It is true also, as Dr Rappo has noted, that literature related to orthotic devices is scant, and the outcomes are relatively difficult to discern. This largely relates to the inaccuracies of the measuring tools currently available for measuring the skull shape. As has been mentioned earlier, the skin surface "cephalometric" measurements are not terribly reliable, related to the lack of an absolute cephalometric point from which to measure and the fact that soft-tissue components overlie the bony landmarks. This could be obviated by doing computed tomography scans. However, the risk of repeated radiation exposure, anesthesia and sedation, and cost for the child outweigh the potential benefits of this analysis (at least on a widespread basis). Laser measurements that have been developed for 3-dimensional imaging do show the prominence of these measurements without the added risk of radiation. However, the tools are very expensive, but they may be used primarily for developing standards and efficacy in a research setting.
Macrocrania with or without external hydrocephalus has been associated with a higher incidence of plagiocephaly in clinical practice. Presumably this is related to the fact that it is harder to lift a heavier head with immature neck muscles than it is a smaller head. The concern related to intracranial effects of a helmet on brain development is untested as yet. Although it is remotely possible that there could be some internal effects related to selective pressure on high pressure points on the skull, one has to remember that in addition, there is selectively less pressure in areas of flattening. The amount of pressure delivered by helmets, generally, is also extraordinarily low. It is not significantly different from that which the child receives when lying on the back of the head going to sleep. We think the major point is that this is unknown and could be investigated further. In any study design one would also have to sort out preconditions such as prematurity and primary neurologic disease (which may predispose a child to plagiocephaly) among other conditions before conclusions could be drawn.
Shelley Lanzkowsky, MD
Morristown, NJ 07960, USA
To the Editor.—
I read with interest an article published in the July 2003 issue entitled "Prevention and Management of Positional Skull Deformities in Infants." In my experience, positional plagiocephaly improves within the second year of life. The authors state, however, that those requiring helmet therapy should receive it between 4 and 12 months. I would like to ask the authors how they determine at 4 months or so which kids would require helmet therapy without spontaneous resolution. Where I practice, helmet therapy is not always covered by insurance and costs thousands of dollars. I would hate to refer patients for a costly therapy if a condition is benign and transient.
John Arthur Persing, MD
Yale Plastic Surgery; New Haven, CT 06510-3206, USA
In Reply.—
Dr Lanzkowsky asked an appropriate question: What severity and at what age should helmet therapy be considered?

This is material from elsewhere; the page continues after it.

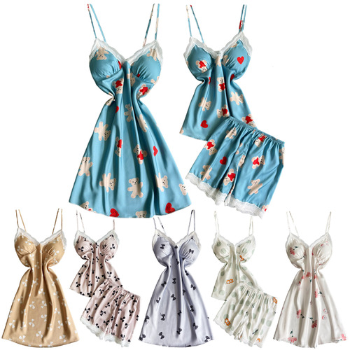 곰 브라캡 실크 슬립 원피스 투피스 나시 슬립웨어 홈웨어 란제리 파자마 섹시슬립 이벤트속옷 레이스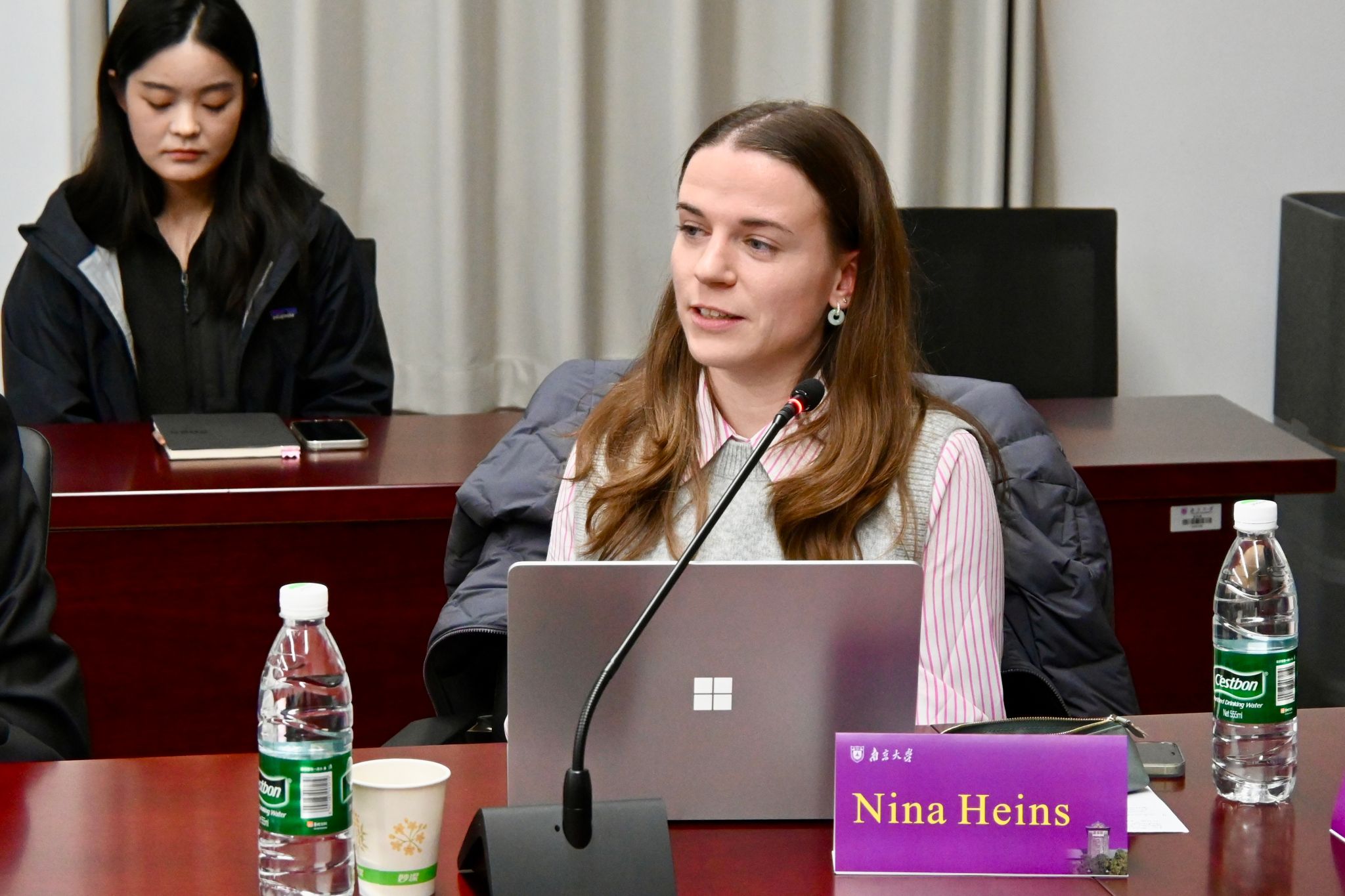 中德所硕士生Nina Heins首先发言,介绍了其在中国进行的课程,以及中国学习与德国学习的差异,比较了中德法学教育的异同,并特别提到在中国学习德国法所带来的全新视角,对两校合作项目给予高度评价。

It is a difficult question to answer because, although there is debate about this issue, we believe there are no reliable, accurate standards to determine who should get a helmet and who should not. It is true that there is improvement in skull shape for some that occurs with time, and no additional treatment is necessary. Therefore, this approach is appropriate for this subgroup. However, it is also true that skull deformity may persist for many, and after 1 year of age, the degree of improvement is relatively slight. The bone of the skull at this time becomes more dense and mineralized and does not remodel readily. We have not seen many patients develop significant improvement in skull shape beyond 15 to 18 months of age with conservative measures (observation alone). Quite the reverse, we have seen many patients who have persistent deformity into late childhood once the deformity has persisted to 
2 years of age. The deformity in the occiput, however, is oftentimes masked by additional hair growth, and to the casual review, the deformity "has gotten better." The mainstay of treatment for improvement in skull shape relates to physical therapy so that the infant does not prefer to lie on areas in the occiput that are flattened already. If full range of motion of the neck is achieved, there is a lesser deforming influence for the skull but also, and particularly so, in the face. In truth, most if not all of us have some asymmetry in the face, and we should anticipate that a small degree of asymmetry is "normal"; what we are addressing here is minimizing the asymmetry to the level that it is not recognized as a "deformity" as the child grows older.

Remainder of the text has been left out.